Deep Learning based Automatic ICD Coding for Nursing Surveillance of Abdominal Surgery Patients

This study proposes an automatic ICD coding model for nursing surveillance of abdominal surgery patients by integrating EMR-based test data, patient information, and nursing notes. A stacking architecture combining dual KM-BERT, XGBoost, and PCA outperformed both a single KM-BERT model and simpler ensemble variants.

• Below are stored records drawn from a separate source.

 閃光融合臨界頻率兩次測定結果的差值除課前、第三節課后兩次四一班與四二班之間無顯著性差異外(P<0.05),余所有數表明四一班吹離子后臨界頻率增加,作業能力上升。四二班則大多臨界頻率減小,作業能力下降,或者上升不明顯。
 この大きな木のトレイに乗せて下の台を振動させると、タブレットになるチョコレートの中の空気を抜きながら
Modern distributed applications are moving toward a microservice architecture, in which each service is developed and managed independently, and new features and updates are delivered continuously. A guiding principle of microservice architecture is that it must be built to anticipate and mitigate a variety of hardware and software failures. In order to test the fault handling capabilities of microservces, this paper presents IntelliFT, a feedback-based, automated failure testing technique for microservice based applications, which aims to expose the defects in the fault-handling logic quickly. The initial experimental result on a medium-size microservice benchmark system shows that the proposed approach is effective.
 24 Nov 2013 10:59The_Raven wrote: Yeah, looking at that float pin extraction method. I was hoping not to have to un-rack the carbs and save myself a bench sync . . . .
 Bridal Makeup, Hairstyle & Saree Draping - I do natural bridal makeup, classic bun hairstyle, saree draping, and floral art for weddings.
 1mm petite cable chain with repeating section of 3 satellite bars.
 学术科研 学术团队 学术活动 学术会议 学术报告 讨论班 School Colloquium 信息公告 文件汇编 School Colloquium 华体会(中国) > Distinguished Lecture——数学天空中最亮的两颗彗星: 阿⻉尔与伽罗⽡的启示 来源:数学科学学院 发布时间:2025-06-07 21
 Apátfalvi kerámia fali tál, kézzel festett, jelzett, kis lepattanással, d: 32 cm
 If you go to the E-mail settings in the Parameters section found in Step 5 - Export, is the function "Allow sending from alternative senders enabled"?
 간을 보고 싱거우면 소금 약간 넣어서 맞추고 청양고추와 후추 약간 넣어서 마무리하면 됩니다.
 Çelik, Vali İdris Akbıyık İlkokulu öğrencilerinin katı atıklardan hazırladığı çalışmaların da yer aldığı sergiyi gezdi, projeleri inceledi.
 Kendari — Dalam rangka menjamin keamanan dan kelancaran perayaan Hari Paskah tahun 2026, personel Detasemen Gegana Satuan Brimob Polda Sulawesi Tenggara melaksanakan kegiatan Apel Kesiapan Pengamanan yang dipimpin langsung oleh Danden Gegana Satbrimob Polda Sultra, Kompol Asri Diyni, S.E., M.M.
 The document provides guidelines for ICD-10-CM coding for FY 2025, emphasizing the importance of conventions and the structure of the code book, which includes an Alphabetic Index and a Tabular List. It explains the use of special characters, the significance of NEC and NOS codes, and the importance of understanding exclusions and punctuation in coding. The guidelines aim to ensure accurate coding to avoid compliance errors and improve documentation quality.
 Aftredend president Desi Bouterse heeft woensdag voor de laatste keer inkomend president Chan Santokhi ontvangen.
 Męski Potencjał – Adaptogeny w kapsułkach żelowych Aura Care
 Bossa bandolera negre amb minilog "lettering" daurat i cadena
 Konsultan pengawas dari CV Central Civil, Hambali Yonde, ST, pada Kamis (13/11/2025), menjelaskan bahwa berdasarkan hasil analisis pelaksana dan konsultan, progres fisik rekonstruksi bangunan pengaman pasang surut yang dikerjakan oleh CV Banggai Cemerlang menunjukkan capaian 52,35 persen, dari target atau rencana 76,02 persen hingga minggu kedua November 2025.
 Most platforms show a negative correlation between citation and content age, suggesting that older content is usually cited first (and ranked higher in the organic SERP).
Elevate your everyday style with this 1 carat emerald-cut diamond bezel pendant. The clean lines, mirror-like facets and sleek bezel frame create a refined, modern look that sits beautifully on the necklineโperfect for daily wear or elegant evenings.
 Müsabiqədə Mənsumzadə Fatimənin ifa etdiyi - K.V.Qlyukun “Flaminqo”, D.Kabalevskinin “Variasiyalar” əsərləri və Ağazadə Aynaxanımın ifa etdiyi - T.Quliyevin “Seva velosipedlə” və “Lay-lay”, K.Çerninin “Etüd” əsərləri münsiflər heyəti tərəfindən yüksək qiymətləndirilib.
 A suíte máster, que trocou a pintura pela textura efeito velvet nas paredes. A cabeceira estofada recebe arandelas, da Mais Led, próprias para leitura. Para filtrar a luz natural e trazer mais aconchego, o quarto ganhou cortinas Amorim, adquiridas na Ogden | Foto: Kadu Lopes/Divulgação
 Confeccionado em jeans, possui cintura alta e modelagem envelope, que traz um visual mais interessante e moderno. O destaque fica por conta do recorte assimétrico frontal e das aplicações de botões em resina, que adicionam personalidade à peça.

Venue Journal of The Korea Society of Computer and Information

Year 2025

Type Journal Paper

Medical AINursing SurveillanceEMRAutomatic ICD CodingDeep LearningKM-BERTXGBoostEnsembleAbdominal Surgery

Summary

This study addresses automatic diagnosis-code classification for nursing surveillance in abdominal surgery patients. It focuses on predicting ICD codes using core EMR data that are directly available during nursing practice, rather than relying on physician narratives or discharge summaries created later in the care process.

Why It Matters

Nursing surveillance is important for patient safety and clinical outcomes, but the volume and complexity of EMR data make timely diagnosis-related classification difficult. Since many previous ICD coding approaches depended on physician-centered documents or additional records, this work is meaningful because it demonstrates clinically useful performance using only the EMR signals that nurses can access within routine workflows.

Contribution

The study integrated test results, IO, BST, vital signs, patient information, nursing notes, and PACU records, then built a stacking framework that averages the outputs of two KM-BERT models, applies PCA for dimensionality reduction, and uses XGBoost as a meta-classifier for final ICD prediction. The proposed Double KM-BERT + XGBoost + PCA model achieved the best results with 0.9245 accuracy, 0.9107 weighted precision, and 0.9157 weighted F1-score, while also showing strong recall on rare classes.